Не подругой, не женой. И, осознав это, он понял, что легко расстанется с ней. Легко ли? Он сказал ей, что люди из племени его отца клеймили своих женщин и что он хотел бы поставить метку на ее груди, тем самым подтвердив свое право на обладание ею.
В Сефре он купил хну и кисть, а также крохотный алмаз на тонкой, как нить, серебряной цепочке.
Он принес все это в палатку, где они провели ночь, и смешал хну с водой.
– А теперь, ханум, согласно условиям нашей сделки предоставь мне свою левую грудь.
Сердце ее глухо забилось:
– Как пожелаешь, кади, – прошептала она, приблизившись к нему.
Он смочил кисть в горшочке с жидкой хной и принялся красить ее грудь. Окрасил сосок и ареолу, сделав ареолу удлиненной, и они теперь напоминали лепестки. Он нарисовал восемь лепестков вокруг соска, и язык его не отрывался от него, как колибри от цветка.

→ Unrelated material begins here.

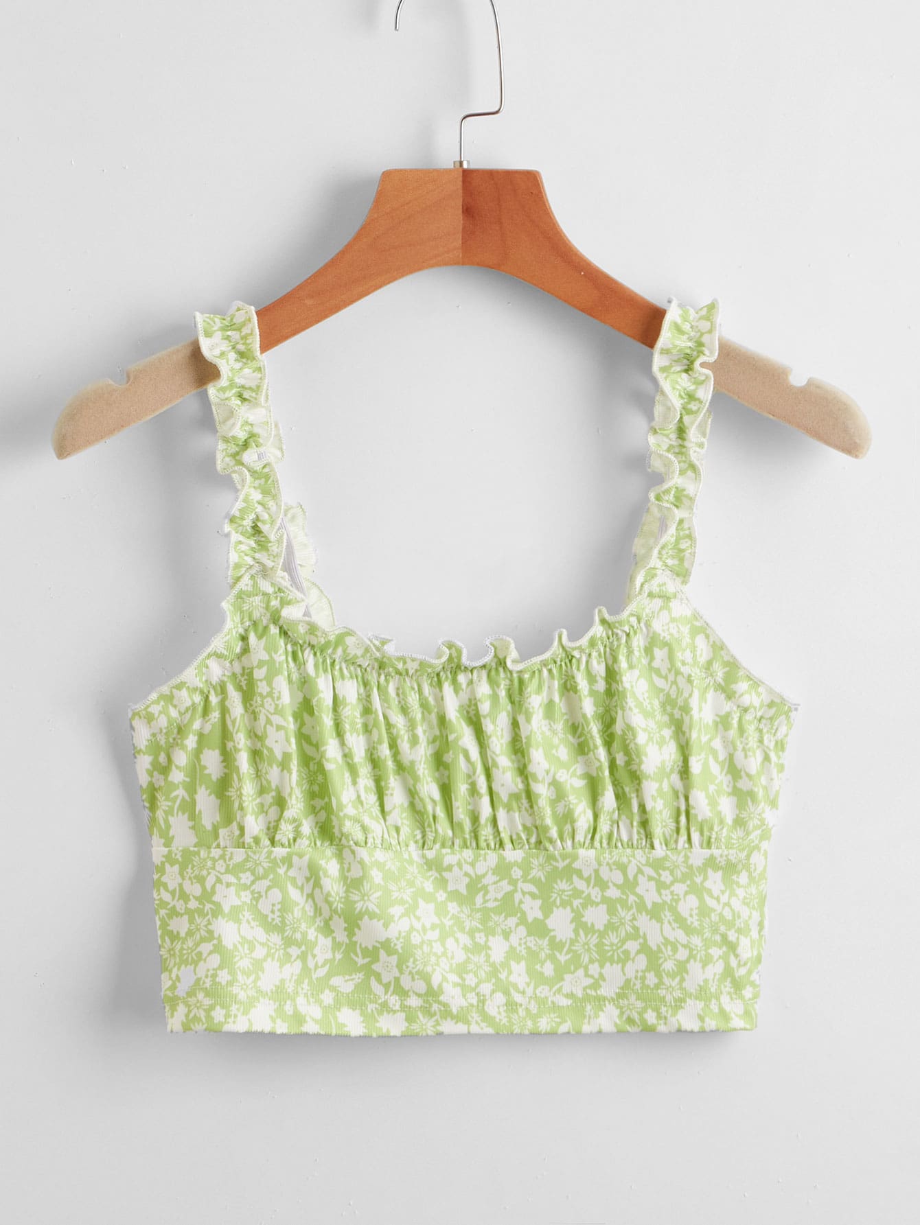 Top mit Blümchen Muster, Rüschen, Rüschenbesatz

Это было самым эротичным из всего, что он делал с ней до сих пор. Тело ее расслаблялось и будто плавилось, когда она смотрела, как он покрывает хной ее кожу, все сильнее и сильнее возбуждаясь. Он уложил ее таким образом, чтобы хна не размазалась. Но даже это вполне безобидное прикосновение к ее телу дало бурный толчок фантазии, и он задохнулся от желания. О Господи, он желал ее постоянно. Это чувство терзало его, лишало воли.

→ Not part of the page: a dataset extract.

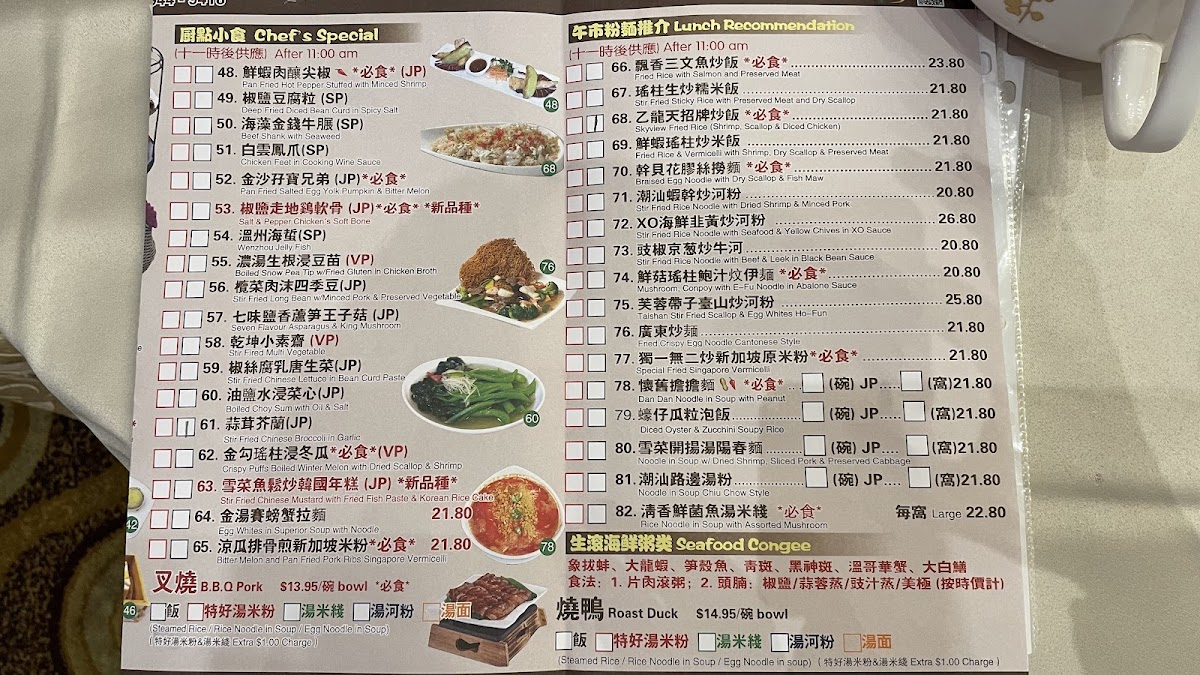 The Steamed Rice Roll 長長久久 selection includes unique offerings like Steamed BBQ Pork Rice Roll and Steamed Chicken with Black Rice Roll that will leave you craving for more. Don't miss out on the Chef's Special 廚點小食 like Bitter Melon and PanFried Pork Ribs Singapore Vermicelli and Egg White in Superior Soup with Noodle, they are truly unforgettable.

Это становилось опасным. И все же он сделал еще шаг на этом пути. Серебряная нить…
Что, если украсить ее этой нитью? Тогда всю жизнь он будет помнить о том, что она надевает украшение для другого мужчины, который у нее появится, как только они покинут этот изолированный мир пустыни.
Пустыня стала самой их жизнью, и в оставшиеся пять дней его чувства к пустыне и их уединению приобрели почти иррациональный характер. Он был одержим желанием пометить ее, пусть каждый видит, что она принадлежит ему.

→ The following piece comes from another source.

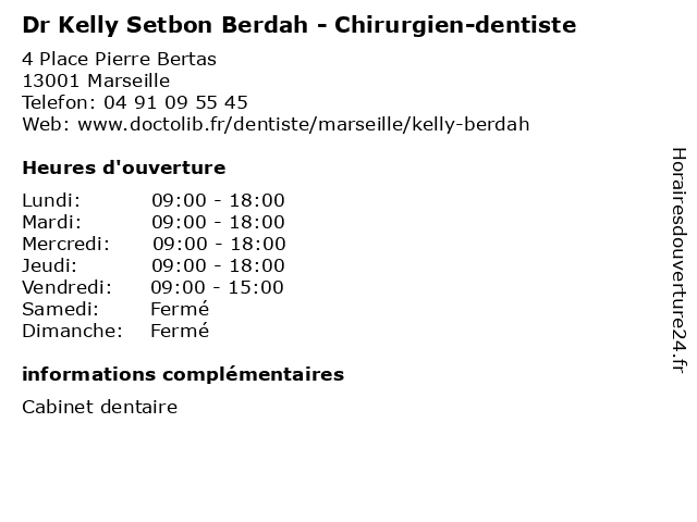 1 Dr Kelly Setbon Berdah - Chirurgien-dentiste (Distance: 0,00 km) 4 Place Pierre Bertas, 13001 Marseille berdah, chirurgien, dentaire, dentiste, dr, implantologie, kelly, parodontologie, setbon 2 Dr Dylan Berdah - Chirurgien-dentiste (Distance: 0,00 km) 4 Place Pierre Bertas, 13001 Marseille berdah, chirurgien, dentaire, dentiste, dr, dylan, implantologie, parodontologie 3 Dr Dylan Berdah - Chirurgien-dentiste (Distance: 0,00 km) 4 Place Pierre Bertas, 13001 Marseille berdah, chirurgien, consultation, dentiste, docteur, dr, dylan, med, secrétariat 4 Maître Isabelle Berdah - Avocate (Distance: 0,81 km) 29 rue Paradis, 13001 Marseille avocate, avocats, berdah, civils, droits, isabelle, juridiques, maître 5 Dr Nicole Berdah - Gynécologue (Distance: 1,31 km) 10 Rue Edmond Rostand, 13006 Marseille berdah, care, clinic, dr, gynécologue, health, nicole 6 Maître Olivia Setbon - Avocate (Distance: 1,55 km) 3 rue de Village, 13006 Marseille avocate, avocats, civils, droits, juridiques, maître, olivia, setbon |

– Возьми меня, – умоляла она.
Но он даже не шевелился, только сказал:
– У меня кое-что есть для тебя.
– Разве этого украшения недостаточно? – спросила она.
– По-моему, нет. Хочешь посмотреть? Иди-ка сюда.
Она поднялась. Ее грудь, похожая на цветок, манила и искушала его, он с трудом удержался, чтобы не прикоснуться к ней губами. Ему следовало вооружиться терпением, однако это было выше его сил.
Он протянул к ней руку. На кончике его пальца болталась тончайшая цепочка и в тусклом свете сверкал крошечный алмаз.
– Ее носят на шее? – спросила она.
Он приподнял ее правую грудь и обвил сосок нитью.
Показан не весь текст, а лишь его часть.